Data entries:
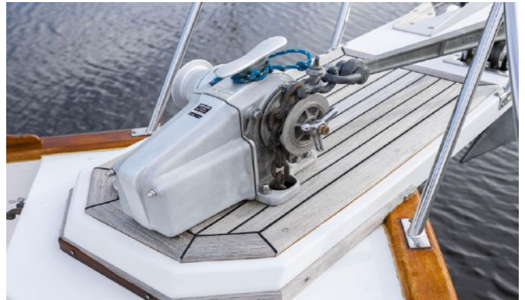
Pulpit, Double Rollers and Windlass
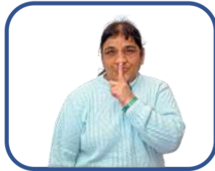
Prefer not to say
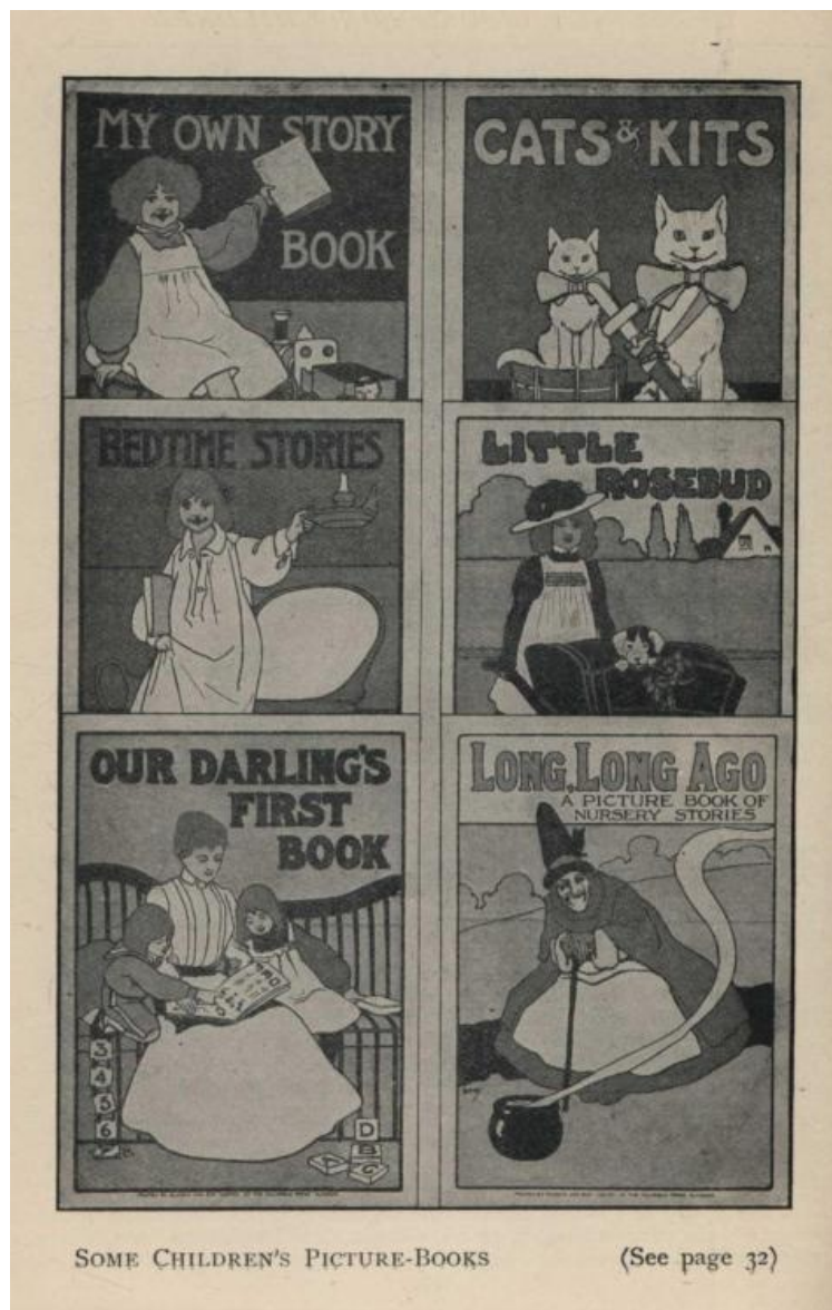
SOME CHILDREN'S PICTURE-BOOKS (See page 32)
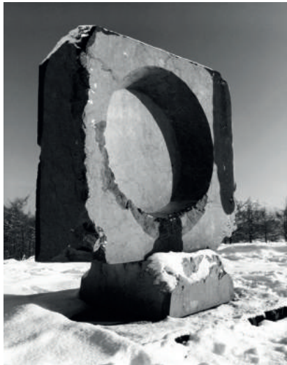
Funeral Stele (damaged)

[AFMJJO] © Jorge Oteiza © Pilar Oteiza, A+V Agencia de Creadores Visuales, 2020
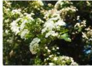
May Blossom (Hawthorn)
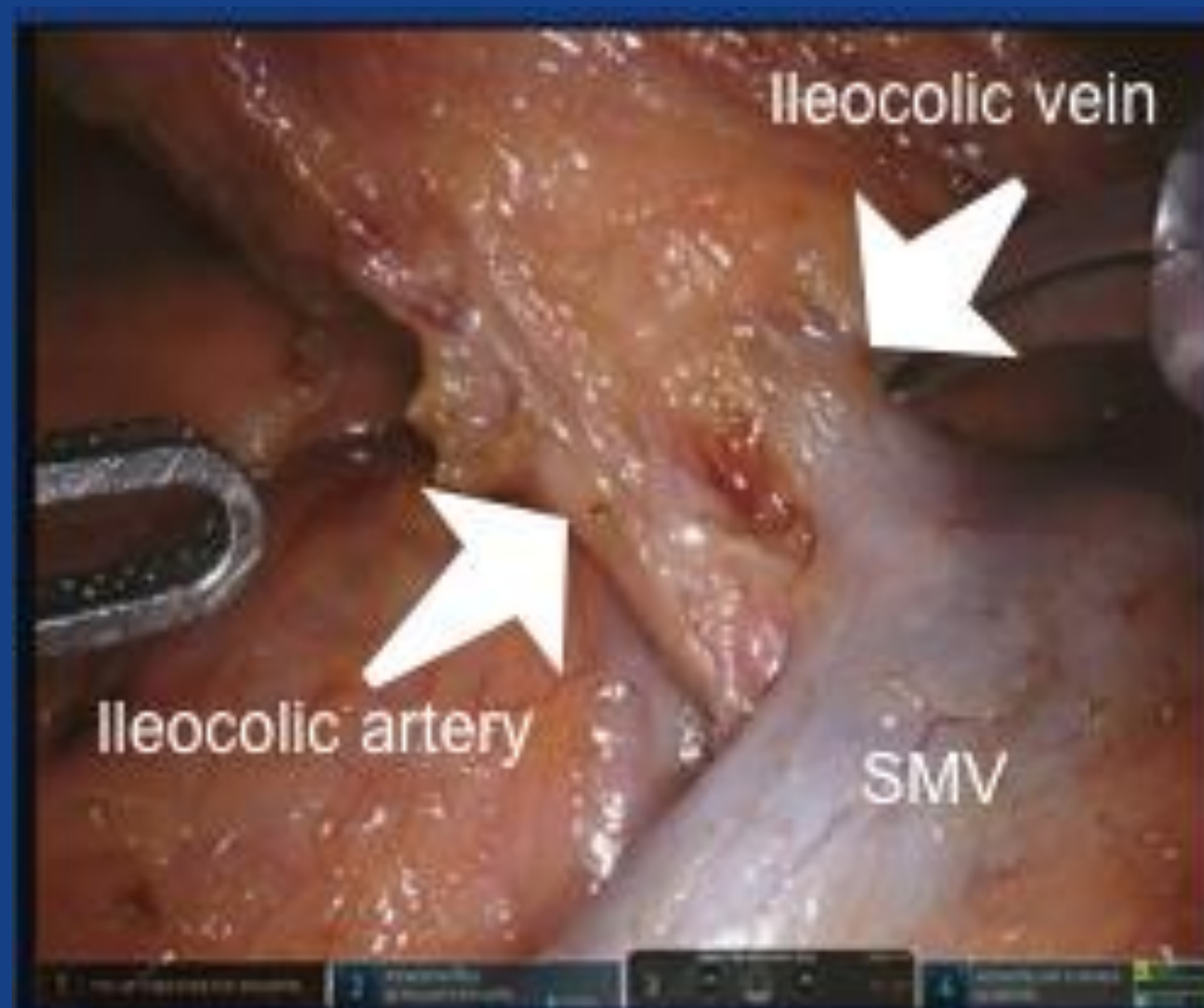
Fig 2 Ileocolic pedicle dissection. Superior mesentery vein, inferior mesentery vein and artery on view.
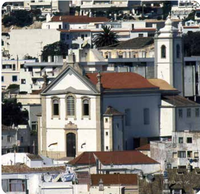
Main Church - VC

Built at the end of the 18 th century, the church possesses an imposing bell tower. The interior consists of a single nave. On the high altar there is a valuable statue of Nossa Senhora da Conceição (Our Lady of the Conception) (18 th century), the patron saint of Albufeira, and an altarpiece painted by the Algarvian artist Samora Barros (20 th century). The side altars and the sacristy contain statues from the 18 th and 19 th centuries.
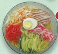
HIYASHI RAMEN $8.25
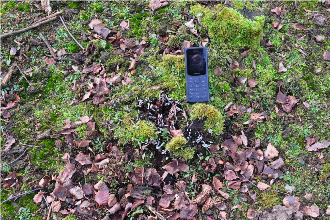
Xylaria cinerea fungus.
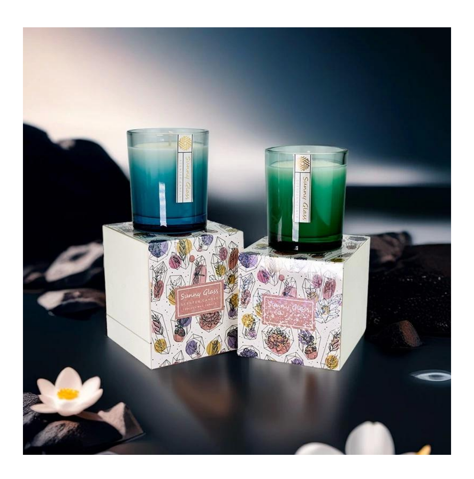
Why Choose Sunny Glassware
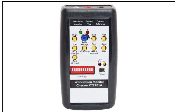
Figure 3. SCS CTE701 Workstation Monitor Checker

The checker verifies the proper operation of dual wrist strap monitoring. Connect a 3.5 mm test cable to both the checker and to the operator jack of the monitor. At this point the monitor should indicate failure. Depress the Pass button on the wrist strap section. The monitor should indicate a good connection. While pressing the Pass button, press body voltage “high.” At this point the Wrist Strap LED would be blinking red.
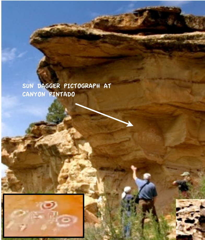
SUN DAGGER PICTOGRAPH AT CANYON PINTADO
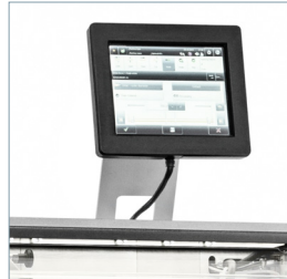
5.7" color touch screen with S.On software for intuitive navigation and library based programming.
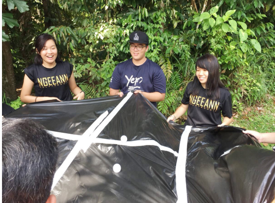
At the end of the camp, the Primers penned down their thoughts and memories on a card which they brought home as keepsakes. We hope that we have enriched the lives of these youths beyond what they already know and enable them to develop skills that will shape them to be better people in society.

I've forged friendships and acquired new knowledge in this camp. I thoroughly enjoyed the adventurous activities that were organized. Venturing alone in the dark was thrilling. Yet it allowed time for me to do self-reflection. From the experience, we gained the confidence to overcome difficulties that we might face. I thank my fellow Primers who had made my experience exceptionally wonderful.
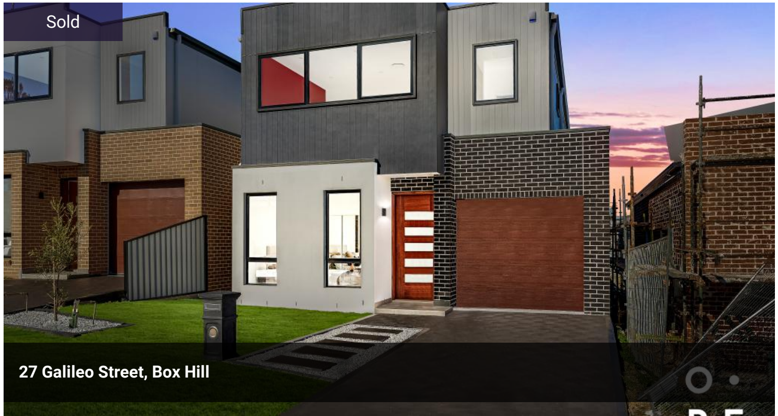
27 Galileo Street, Box Hill
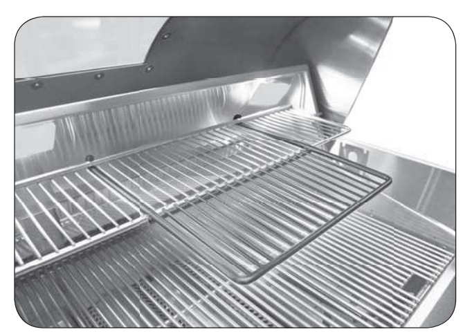
Fig. 1-2 Warming rack extender in place
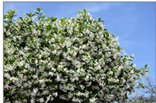
Madison Star-Jasmine flowers
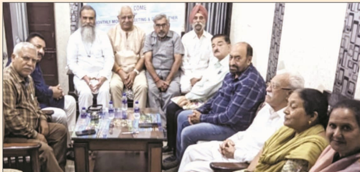
MS Mohali Monthly Meeting on 13 Oct 2024
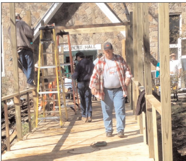
The men work to enlarge the bridge to Hylbert Hall.

Where people meet Jesus and grow as His disciples in a community of faith.
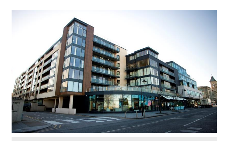
Unit 4, Crofton Road, Dun Laoghaire, Co. Dublin
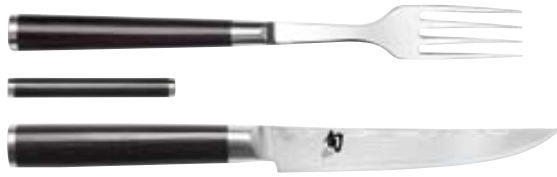
DM-0907 Steak Knife and Fork Set with Table Rest
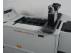
for Photo Film C41, B/W & E6
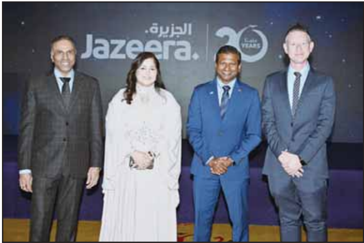
Jazeera Executive Management

The problem => Please leave out the pictures as you reproduce the lines exactly, from the first line of the entries through the line containing "Fig 2 Ileocolic".

Your response =>
Pulpit, Double Rollers and Windlass
Prefer not to say
SOME CHILDREN'S PICTURE-BOOKS (See page 32)
Funeral Stele (damaged)

[AFMJJO] © Jorge Oteiza © Pilar Oteiza, A+V Agencia de Creadores Visuales, 2020
May Blossom (Hawthorn)
Fig 2 Ileocolic pedicle dissection. Superior mesentery vein, inferior mesentery vein and artery on view.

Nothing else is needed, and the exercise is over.